Google has proposed a new approach to natural language understanding architectures beyond a fixed-length context. Transformer-XL aims to make long-range dependence more practical in neural networks by using attention models.
According to the company, long-range dependence is the contextual ability humans have to parse information that depends on something they’d read much earlier in a document or set of data. Google AI developers Zhilin Yang and Quoc Le explained that the Transformer-XL architecture will enable natural language understanding that surpasses the present methods of gating-based RNNs and use of the gradient clipping technique, as well as traditional Transformers, which connect only fixed-length segments of data and often ignore sentence boundaries and can’t model dependencies past that fixed length.
Yang and Le wrote in a developer blog that Transformer-XL addresses those shortcomings with two methods, segment-level recurrence and relative positional encoding.
“During training, the representations computed for the previous segment are fixed and cached to be reused as an extended context when the model processes the next new segment,” Yang and Le wrote of their segment-level recurrence mechanism. “This additional connection increases the largest possible dependency length by N times, where N is the depth of the network, because contextual information is now able to flow across segment boundaries.
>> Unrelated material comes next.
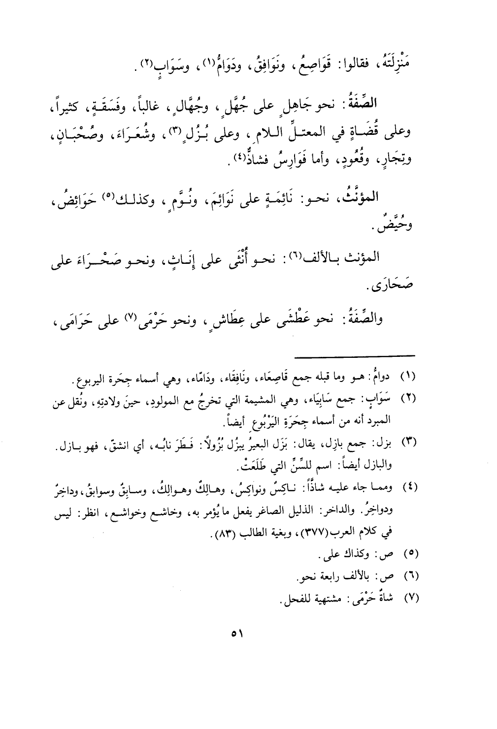وَالصّفة نَحْو عطشى على عطاش وَنَحْو حرمى على حرامى

Moreover, this recurrence mechanism also resolves the context fragmentation issue, providing necessary context for tokens in the front of a new segment,” the AI developers wrote.
But Yang and Le note that without the second part of the equation, their relative positional encoding scheme, the expanding segments of contextual information wouldn’t be coherent.
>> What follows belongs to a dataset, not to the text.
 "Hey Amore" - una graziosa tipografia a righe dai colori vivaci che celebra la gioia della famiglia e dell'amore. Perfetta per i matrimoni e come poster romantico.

“For example, consider an old segment with contextual positions [0, 1, 2, 3],” the pair wrote. “When a new segment is processed, we have positions [0, 1, 2, 3, 0, 1, 2, 3] for the two segments combined, where the semantics of each position id is incoherent through out the sequence.”
By making the transformations, the context between two segments, learnable, rather than the embeddings as in prior schemes, the connections become “more generalizable to longer sequences at test time.”
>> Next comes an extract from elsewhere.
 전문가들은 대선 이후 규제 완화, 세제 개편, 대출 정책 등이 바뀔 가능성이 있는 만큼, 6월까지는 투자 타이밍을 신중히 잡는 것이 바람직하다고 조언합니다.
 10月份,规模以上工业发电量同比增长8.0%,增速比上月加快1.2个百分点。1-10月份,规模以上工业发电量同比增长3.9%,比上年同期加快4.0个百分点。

This method sees a significant speed increase compared to prior methods of incorporating long-range dependence in neural networks, the researchers wrote, with dependencies reaching lengths 80 percent greater than in RNNs and 450 percent greater than in “vanilla” Transformers. Transformer-XL is also greater than 1800x faster than vanilla Transformers “during evaluation on language modeling tasks, because no re-computation is needed.”